Next, the situation in the present invention, for example, ozone -TEOS step _{(O 3 -tetra ortho silicate glass process} ), atmospheric pressure chemical vapor deposition process, plasma CVD process, high density plasma chemical vapor deposition process, such as Then, an element isolation film (12) having, for example, an oxide film material is formed inside the element isolation trench (T1).

  When the formation of the element isolation film (12) is completed by the above-described procedure, in the present invention, as shown in FIG. 4, a series of photosensitive films is formed so that the opening of the photosensitive film is positioned in the active region of the semiconductor substrate (11). A film pattern (103) is formed on the previous silicon nitride film (102), and this photosensitive film pattern (103) is used as an etching mask, and a dry etching process having a series of anisotropic characteristics, for example, a reactive ion etching process. The pad oxide film (101) and the silicon nitride film (102) are patterned so that the active region of the semiconductor substrate (11) is exposed.

  Next, as shown in FIG. 5, in the present invention, for example, a reactive ion etching process is performed using the previous photosensitive film pattern (103) as an etching mask layer, and the already exposed active region of the semiconductor substrate (11) is formed. Anisotropic etching is performed at a depth of about 3000 to 9800, thereby forming a gate electrode trench (T2) in the active region of the semiconductor substrate (11).

  Next, in the present invention, a series of ion implantation steps are performed with the bottom surface of the gate electrode trench (T2) as a target, and a series of threshold voltage control layers (21) are formed at the bottom of the gate electrode trench (T2). ). Next, the previous photosensitive film pattern (103) is removed.

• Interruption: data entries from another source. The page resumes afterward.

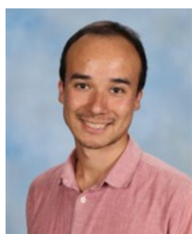
BRENT Year 10 10T1, 10T2, 10T3, 10C1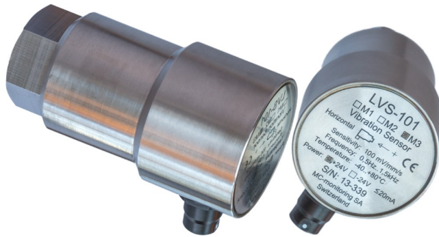
LVS-101 M3 model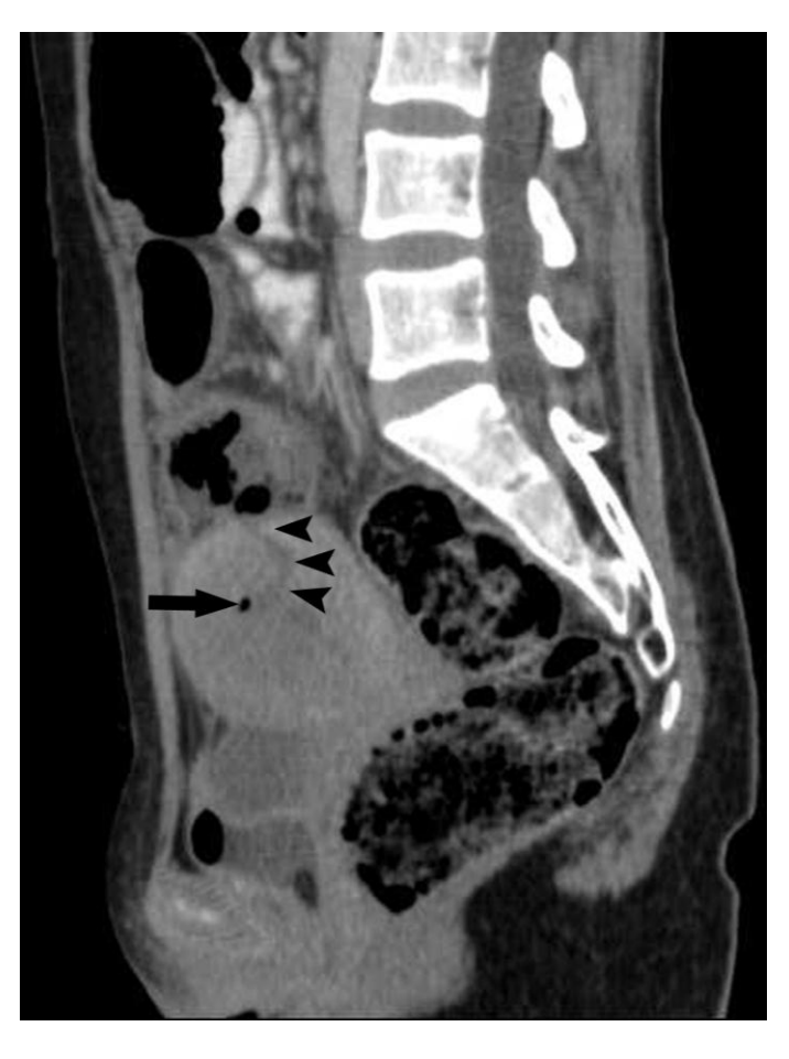
Figure 3: A 21 year old female patient with uterine perforation and abdominal expulsion of fetal parts. Contrast enhanced CT was obtained on Philips Brilliance 16 slice CT machine with 100 ml non ionic contrast solution injected with pressure injector at 2.5 ml/sec flow rate using the following parameters- mAs-250, Kv-120 , slice thickness- 3mm, increment- 3mm, collimation- 16x1.5, pitch 0.938. Sagittal multiplanar reconstruction (MPR) image (slab- approx 10mm) shows the fundal perforation as a hypoattenuating defect in the myometrium (arrowheads) along with a focus of air within the endometrial canal (arrow).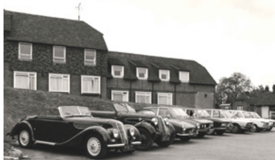
A BMW Car Club GB meeting in the 1970s showing a real mixture of BMW models, from a 1937 BMW 327 to a then new E12 520i.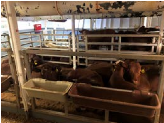
Day 13 Cattle in pen — no issues identified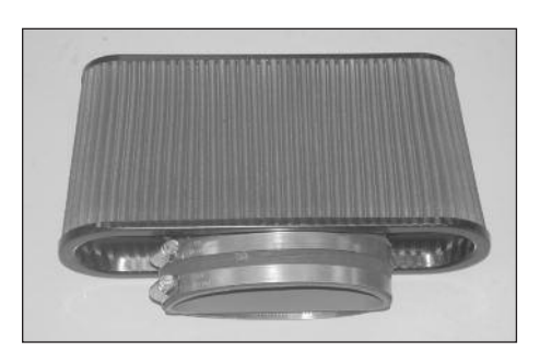
14. Attach the oval silicone hose (08541) onto the filter as shown.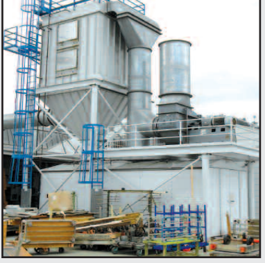
Donaldson/Torit 100hp Cyclone Dust Collection System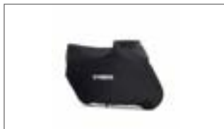
Yamaha Unit Covers Indoor C13-IN101-10-0L

  Subsequently, in the present invention, as shown in FIG. 6, for example, a thermal oxidation process of about 850 ° C. to 1100 ° C. is performed, which is preferable on the surface of the gate electrode trench (T2), and has a thickness of about 180 mm to 2500 mm. A gate insulating film pattern (19) is grown.

  Next, as shown in FIG. 7, in the present invention, a series of vapor deposition processes are selectively performed, and a gate electrode trench (T2) has, for example, a highly doped polysilicon material, and a gate. A gate electrode pattern (20) in contact with the insulating film pattern (19) is formed.

  Subsequently, in the present invention, for example, a series of wet etching processes using a phosphoric acid solution, a hydrofluoric acid solution, etc. are performed to remove the silicon nitride film (102) and the pad oxide film (101) from the surface of the semiconductor substrate (11). Remove.

  When the formation of the gate insulating film pattern (19) embedded in the trench shape is completed in the active region of the semiconductor substrate (11) by the above-described procedure, the present invention activates the semiconductor substrate (11) as shown in FIG. A series of photosensitive film patterns (104) are formed on the semiconductor substrate (11) so that the openings of the photosensitive film are located in the region, and a series of ion implantation processes are performed using the photosensitive film pattern (104) as a mask. Thus, the low-concentration impurity layers (16, 13) located on both sides of the gate electrode pattern (20) are formed in contact with the gate insulating film pattern (19). Next, the previous photosensitive film pattern (104) is removed.

  Next, in the present invention, in order to improve the voltage drop capability of the upper low-concentration impurity layers (16, 13), it is performed at a predetermined high temperature, preferably 1000 ° C. to 1250 ° C. for 30 minutes to 600 minutes. A series of minute drive-in steps are performed.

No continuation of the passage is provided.